Question Three: Following up on the previous question, in my input, the input does not have the dimension B. Have you encountered such an input? How should I resolve this?

Thank you, I look forward to your reply.

markomih commented 2 months ago

Hi @grisaiakaziki,

Thank you for your interest in our work!

We have conducted a small experiment in the sup. mat. (Tab. A.2) to try to understand this parameter. As we were mostly interested in the dynamic reconstruction that usually doesn’t require time interpolation, we haven’t extensively experimented with this parameter.
(B, S, F_in): B is the batch size, S is the total number of samples in the batch (e.g. the number of pixels in the video example or the number of point samples in the NeRF experiments)
You could temporarily add one extra dimension for B (e.g., by torch.unsqueeze(input, dim=0) and later torch.squeeze(output, dim=0)).

Best, Marko

grisaiakaziki commented 2 months ago

@markomih Thank you for your prompt response. Regarding question 3, I have tried this method before, but because the dimension of input (1) is too large, it leads to the 'out of memory' issue. Do you have any good solutions? I have also tried reshaping the dimensions of the input, which can solve the 'out of memory' problem, but the model's performance will decrease. Once again, thank you for your answer. Good luck.

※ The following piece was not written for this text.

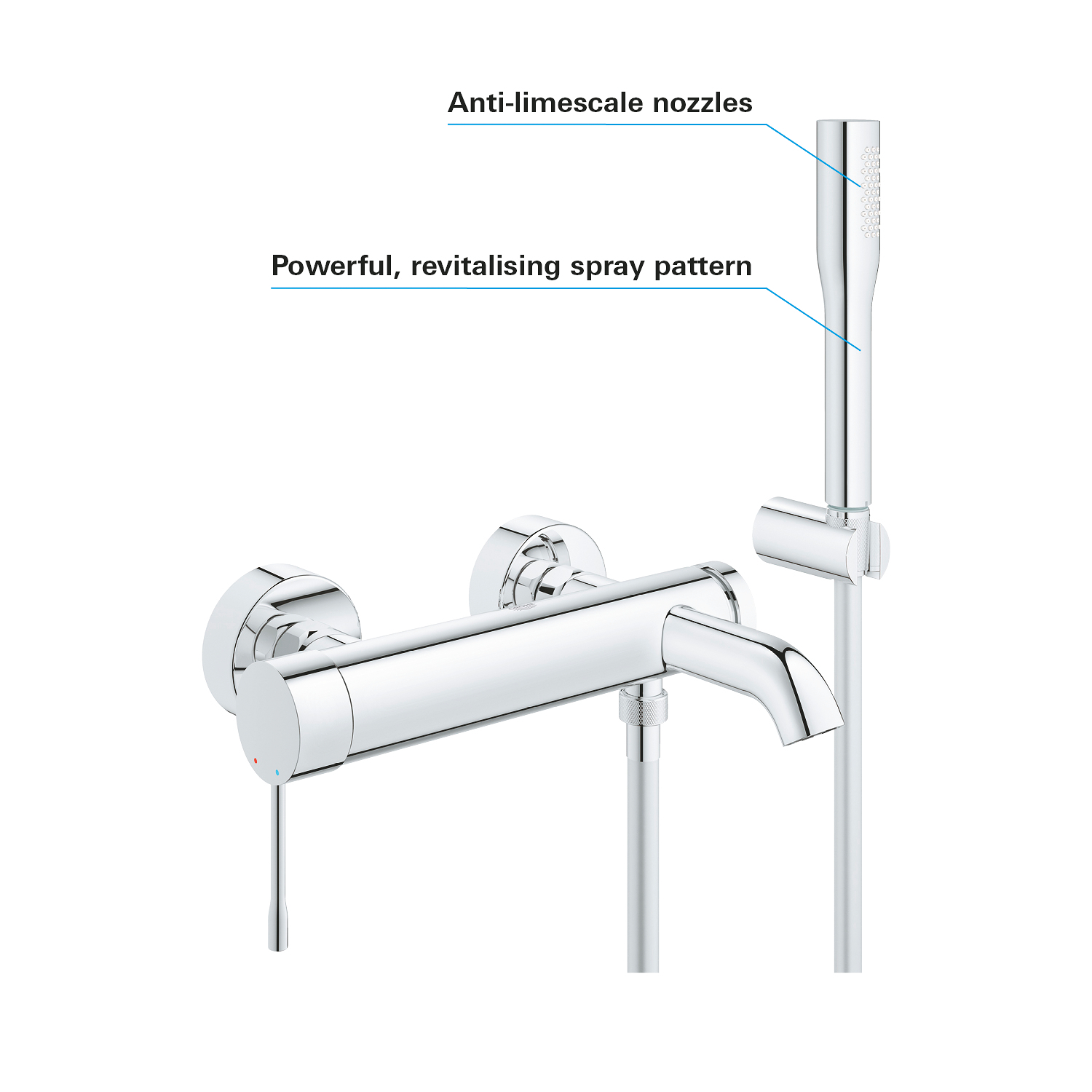 GROHE Essence New badkraan met douchegarnituur – mooi om te zien, praktisch in het gebruik Modern, minimalistisch, maar warm en tastbaar: de GROHE Essence kranen leveren uitzonderlijke prestaties en geven je de mogelijkheid om je badkamer op jouw smaak af te stemmen. De GROHE Essence serie bestaat uit een uitgebreid aanbod aan maten en functies en biedt jou alle flexibiliteit om een harmonische badkamer te creëren, terwijl de geavanceerde technologie aan de binnenkant betrouwbare en onovertroffen prestaties leveren..

markomih commented 2 months ago

@grisaiakaziki Does the regular MLP have the same OOM problem? If that's the case there’s not much to do except reduce the number of samples per iteration.

grisaiakaziki commented 2 months ago

@markomih The ordinary MLP does not produce this OOM issue. After executing the line of code "return (weight @ input.permute(0, 2, 1) + self.bias.view(1, -1, 1)).permute(0, 2, 1)", the GPU memory usage will increase significantly.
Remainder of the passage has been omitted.